И, расталкивая собравшихся, он понес три саквояжа к ступенькам, ведущим в квартиру реб Мешулама. Ему на помощь пришли дворник с женой. Босоногий мальчишка в спадавших штанах пулей выскочил из толпы, подбежал к лошади и выдернул у нее из хвоста несколько волосков. Лошадь вскинулась.
– Эй ты, ублюдок! – прикрикнула на него дочка булочника. – Руки бы тебе оторвать!
– А тебе – ноги, шлюха двухкопеечная! – не остался в долгу мальчишка.
Роза-Фруметл поспешила увести дочь с улицы, чтобы та не слышала всей этой грязной ругани. И вскоре все трое – сам реб Мешулам, его жена и падчерица – вошли в дом и поднялись по лестнице в квартиру Мускатов.
2
Домоправительница Наоми и ее помощница Маня готовились к приезду хозяина с того самого дня, как получили от него телеграмму. Сегодня они оделись во все самое лучшее и зажгли свет в гостиной, в библиотеке, в кабинете хозяина дома, а также в столовой и в спальне – реб Мешулам любил, чтобы в день его возвращения света в квартире было побольше. Квартира была большая, двенадцатикомнатная, но шесть комнат, с тех пор как умерла его вторая жена, стояли запертыми.

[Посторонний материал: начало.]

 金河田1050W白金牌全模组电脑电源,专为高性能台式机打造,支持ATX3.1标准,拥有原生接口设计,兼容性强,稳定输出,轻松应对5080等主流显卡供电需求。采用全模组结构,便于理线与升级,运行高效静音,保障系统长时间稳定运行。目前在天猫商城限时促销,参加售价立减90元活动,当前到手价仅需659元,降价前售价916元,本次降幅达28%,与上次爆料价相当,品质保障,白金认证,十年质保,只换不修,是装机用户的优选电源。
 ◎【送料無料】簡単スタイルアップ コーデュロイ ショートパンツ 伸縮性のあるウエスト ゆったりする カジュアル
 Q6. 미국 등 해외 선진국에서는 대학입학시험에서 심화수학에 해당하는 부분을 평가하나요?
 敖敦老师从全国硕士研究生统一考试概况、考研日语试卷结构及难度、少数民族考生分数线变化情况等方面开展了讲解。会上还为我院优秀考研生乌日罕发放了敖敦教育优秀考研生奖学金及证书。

Новость о том, что хозяин женился вновь и приезжает с третьей женой и падчерицей, передал прислуге кучер Лейбл. Он сообщил новость Наоми на ухо, и та, схватившись за свою необъятную грудь, издала громкий крик. Вошедший с вещами дворник подтвердил сказанное, но обсудить происшедшее времени не оставалось: Мешулам, его жена и падчерица уже поднимались по лестнице. Наоми и Маня в безукоризненных белых фартуках почтительно ждали их в дверях, точно слуги какого-нибудь графа или маркиза, и, когда реб Мешулам открыл дверь и с ними поздоровался, они хором ответили:
– Добрый вечер, хозяин. С возвращением вас.

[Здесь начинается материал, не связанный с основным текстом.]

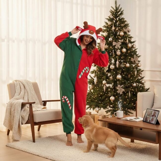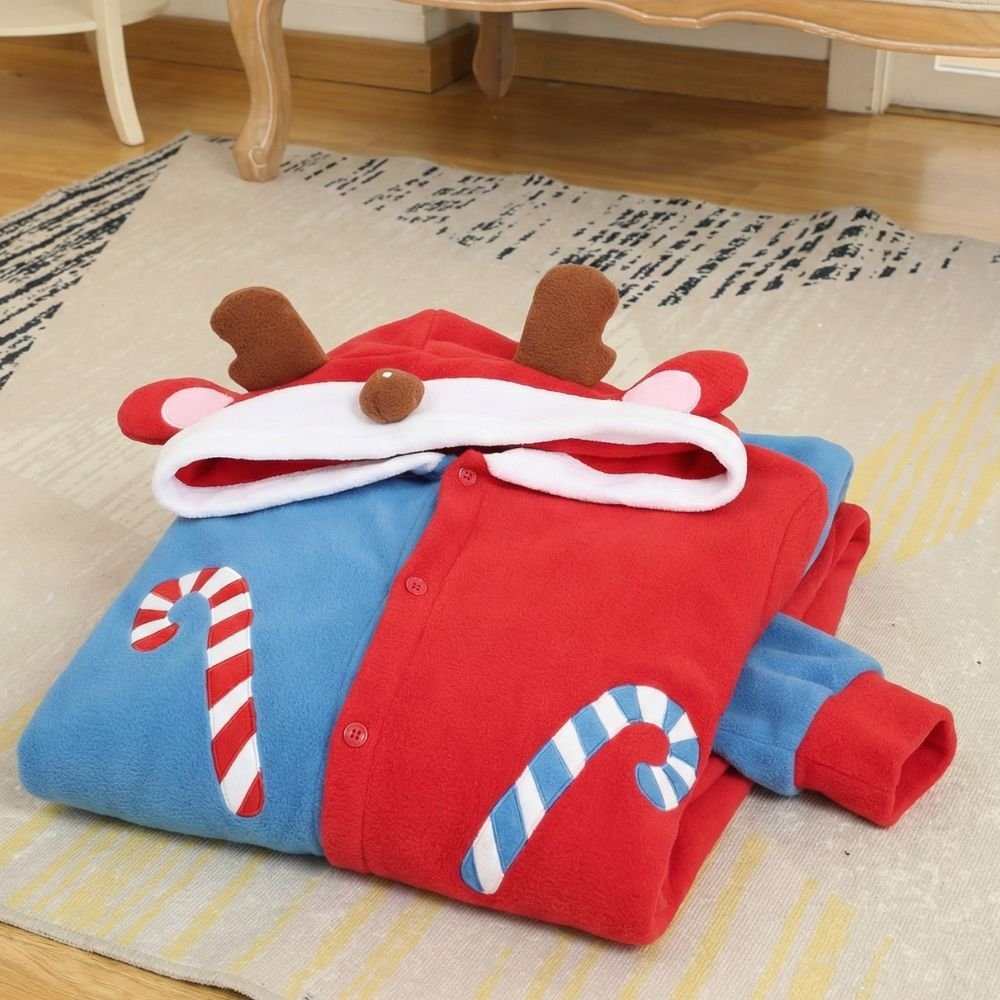 Imaginez-vous un soir de décembre, avec cette envie de se poser et de savourer la magie de Noël chez vous. Cette combinaison en polyester doux vous enveloppe dans une chaleur réconfortante grâce à son tissu épais qui retient la chaleur sans jamais vous alourdir. Sa capuche ornée de bois de renne et son design bicolore rouge et bleu ou rouge et vert créent cette ambiance festive qui rend chaque instant plus joyeux, tandis que les détails sucre d’orge brodés ajoutent une touche ludique irrésistible. Parfaite pour vos matins paresseux du weekend, vos marathons de films de Noël ou même pour créer des souvenirs en photo avec ceux que vous aimez, elle se boutonne facilement et reste confortable du matin au soir. Offrez-vous cette dose de fantaisie et de douceur qui fait du bien au moral quand les températures chutent.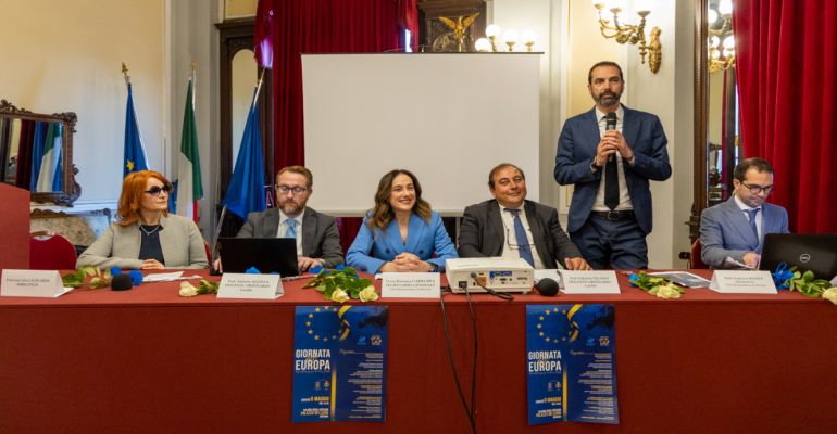Nel Salone degli Specchi di Palazzo dei Leoni, gremito di pubblico, si è svolta stamani, in occasione della “Giornata dell’Europa”, la “Festa dell’Europa per la pace e l’unità”.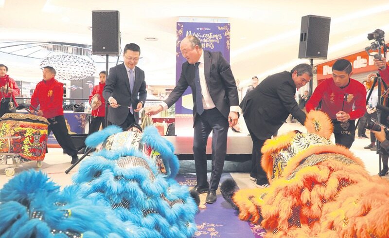 活动首先以舞狮开场。舞狮队伍中有两头狮子,每头狮子由两个人合作表演,一人舞头,一人舞尾,身形灵巧的同时非常富有阳刚之气。法国民众纷纷停下脚步,兴致勃勃地感受中国传统文化的魅力。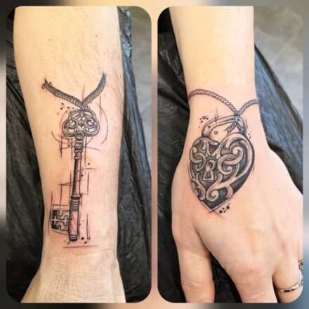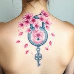 Tetování květy, zámek s klíčem na záda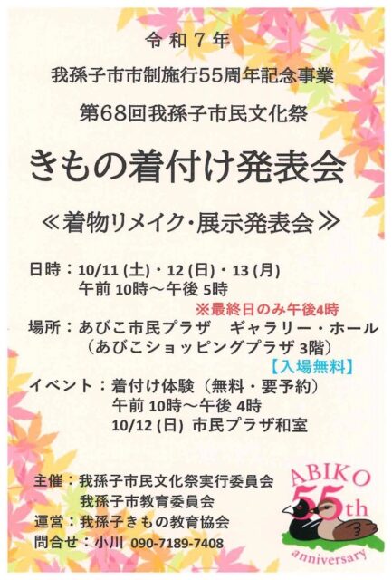 10/11(土)~13(月) あびこ市民プラザにて 【きもの着付け発表会】が開催されます

– Надо полагать, вы уже знаете, вам сказали… Это ваша новая хозяйка, а это ее дочь.
– В добрый час! В добрый час! Будьте счастливы!
Наоми быстрым взглядом окинула обеих женщин, и ее зоркие глаза чуть было не выскочили из орбит. Ее подмывало ущипнуть Маню за аппетитную округлую ляжку, но девушка стояла слишком далеко.
Наоми, толстуха в светлом парике, из-под которого выбивались ее собственные, аккуратно заправленные под парик волосы, сама уже похоронила двух мужей. Ей было под сорок, но выглядела она моложе. О том, как мудро, энергично и решительно ведет она дела семьи Мускат, известно было половине еврейской Варшавы. «Бой-баба», – называли ее соседи. Когда она тяжелой поступью передвигалась по дому, под ее ногами жалобно поскрипывали половицы. Когда она кричала на Маню, зычный ее голос слышен был во дворе. Во всем Гжибове не было человека, который бы не повторял ее язвительные замечания и находчивые реплики. Ей хорошо платили, гораздо лучше, чем полагалось прислуге, и поговаривали, что в банке реб Мешулама на ее счету лежит солидная сумма под приличный процент.
«Хитрая бестия, – говорил про нее кучер Лейбл. – Адвокат в поварском фартуке!»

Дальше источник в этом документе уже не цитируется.